Most savings products fall into one of four categories: Cash ISA accounts, regular savings accounts, instant access savings and fixed rate savings bonds. The first three are savings accounts, each with different rules and rates of return; but crucially, sharing the common property of being free from the risk posed by investments, which can fall as well as rise in value.
Fixed rate savings bonds are a little different; but unlike other forms of bonds - like corporate and government bonds - fixed rate savings bonds offer a guaranteed rate of interest over the life of the bond, and are not subject to the risk of investment. The only risk posed to savings accounts is the possible failure of the bank; but recent legislation means that savings of up to £50,000 are protected, per U.K. regulated financial institution. It is worth noting that due to the fact many banks are owned by a large conglomeration, you need to check to ensure that different banks count as separate institutions, should you have more than £50,000 to save.
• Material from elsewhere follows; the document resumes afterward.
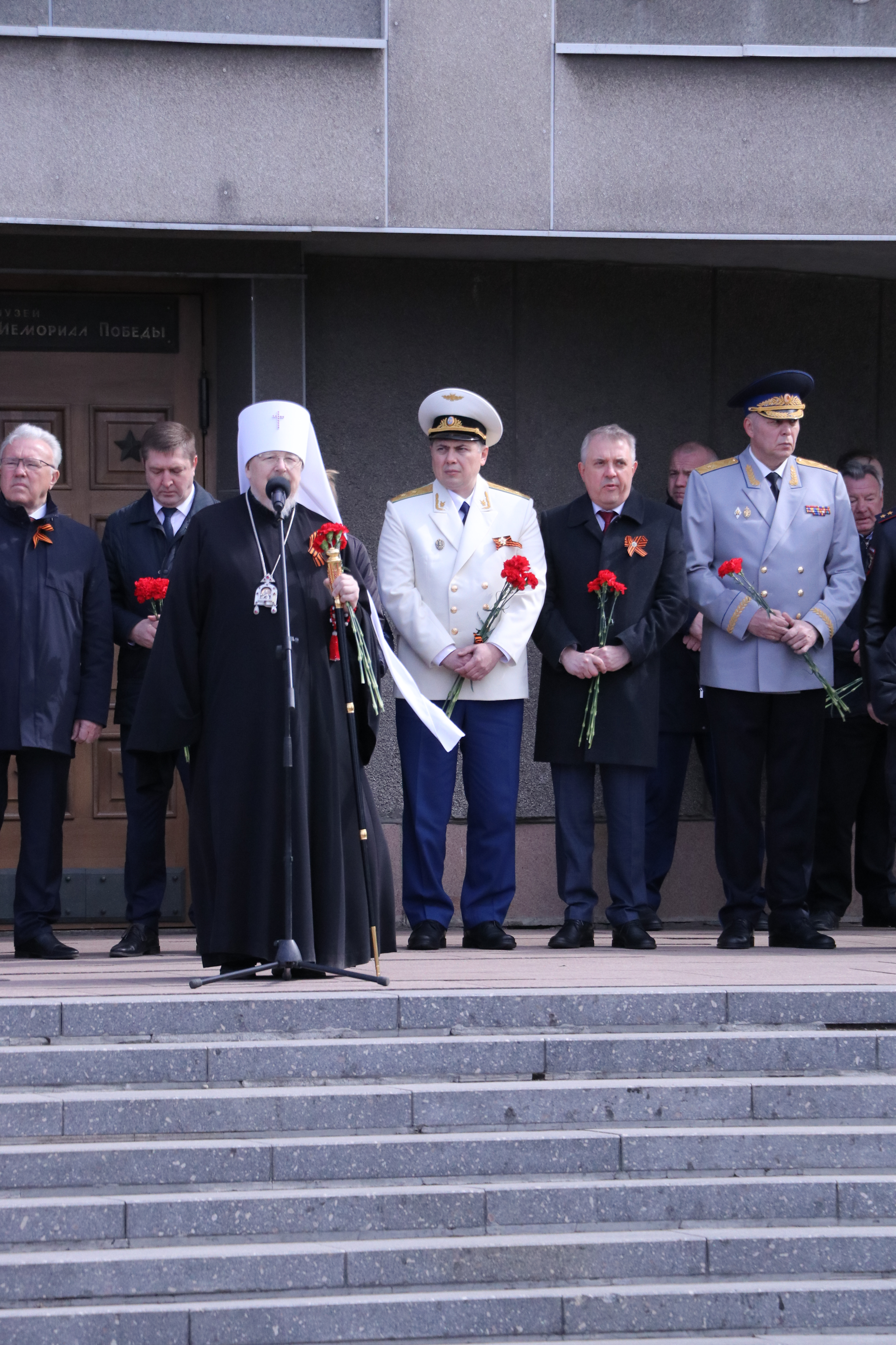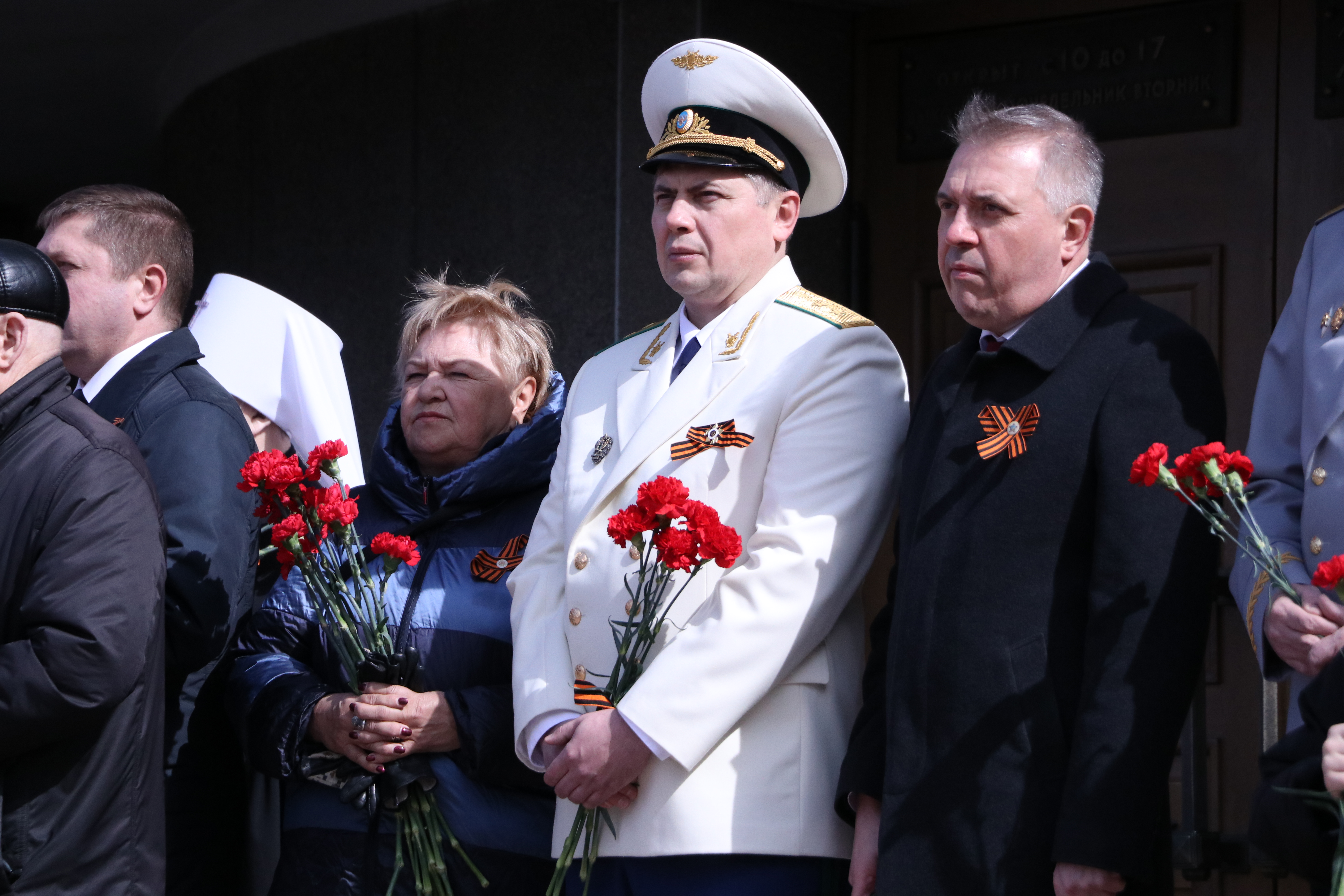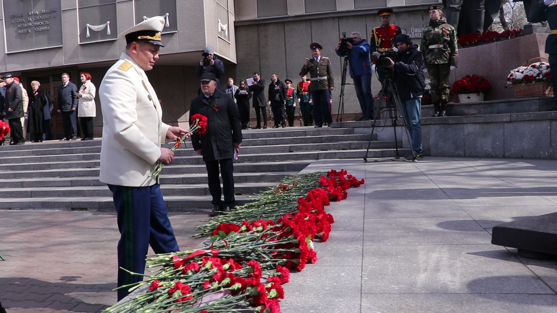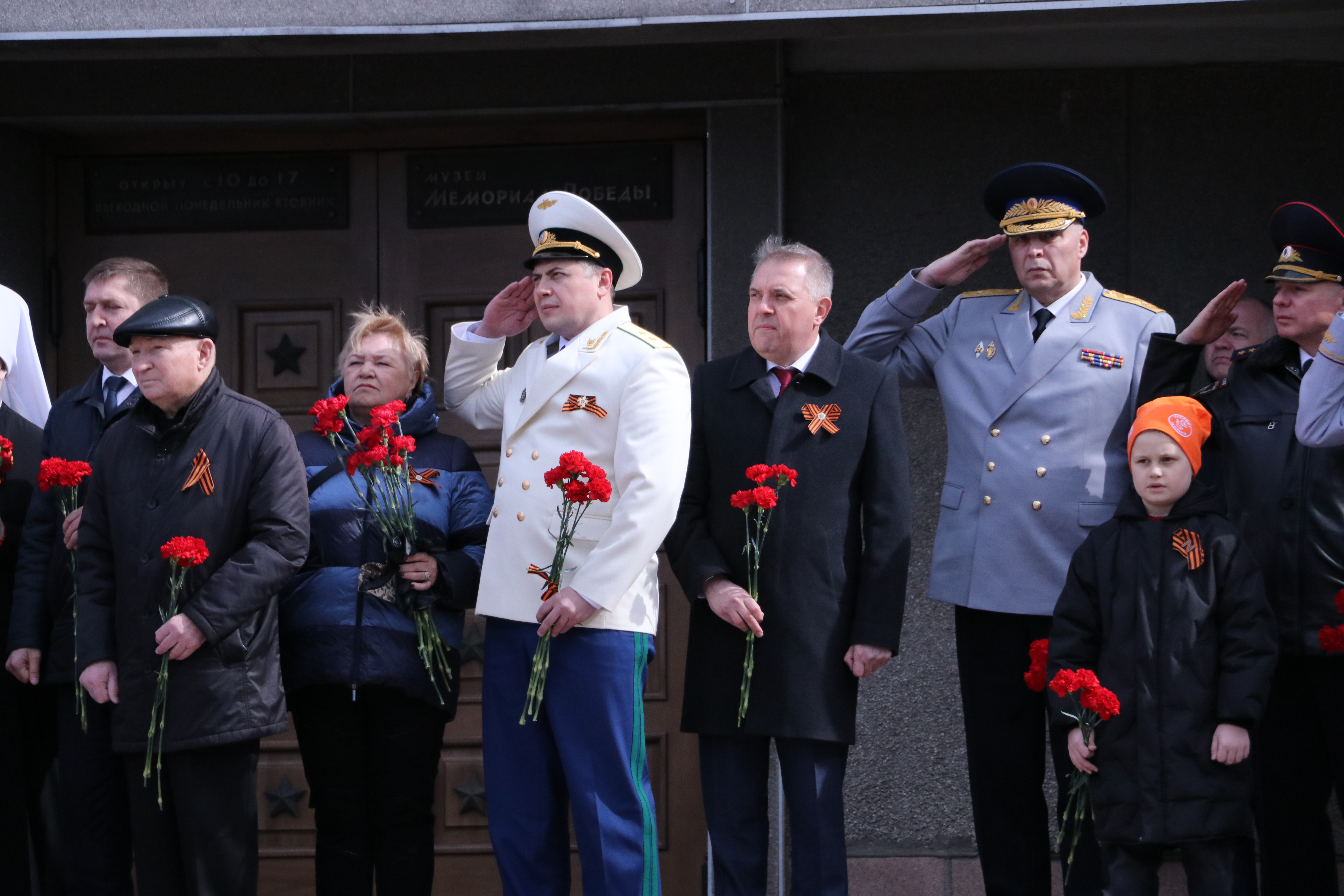 ????Сегодня прокурор края Роман Тютюник принял участие в церемонии возложения венков и цветов к «Вечному огню» на музее «Мемориал Победы»

The first type of savings account to look at should always be the cash ISA, as the interest gained on money invested up to the annual allowance is tax free, meaning that the rate of return cannot usually be beaten by other forms of savings accounts. The gains from non-ISA accounts count as income, and are therefore taxable.
Once you have reached your cash ISA limit for the year (which stands at £5,100 this financial year), the next best rate of return offered will generally be through a regular savings account - these savings accounts regularly out-perform standard savings accounts. Regular savings accounts require the regular deposit of a minimum monthly payment, in return for which a good rate of interest is paid for the agreed period. The First Home Saver from Santander, for example, is a savings account that offers 5% interest for savers under 35 who have not yet had their name on a mortgage. However, these accounts only work if you can meet the regular minimum payment, otherwise the interest paid will drop considerably. There is always a maximum limit on the amount that can be saved in a regular savings account, and generally there is also a time limit on how long the top rate of interest will be paid.
If you are in the fortunate position of maxing out both your cash ISA and regular savings accounts options, you probably don't need to read this guide! Fixed rate savings bonds lock your money away for the term of the bond, and in return for giving the bank your money for this time, a better rate of interest than a standard savings account is offered. If you think that there is a possibility you may need access to your money while saving, the best standard savings accounts can be found with some research online; try using the money advice and comparison websites as a shortcut in your research.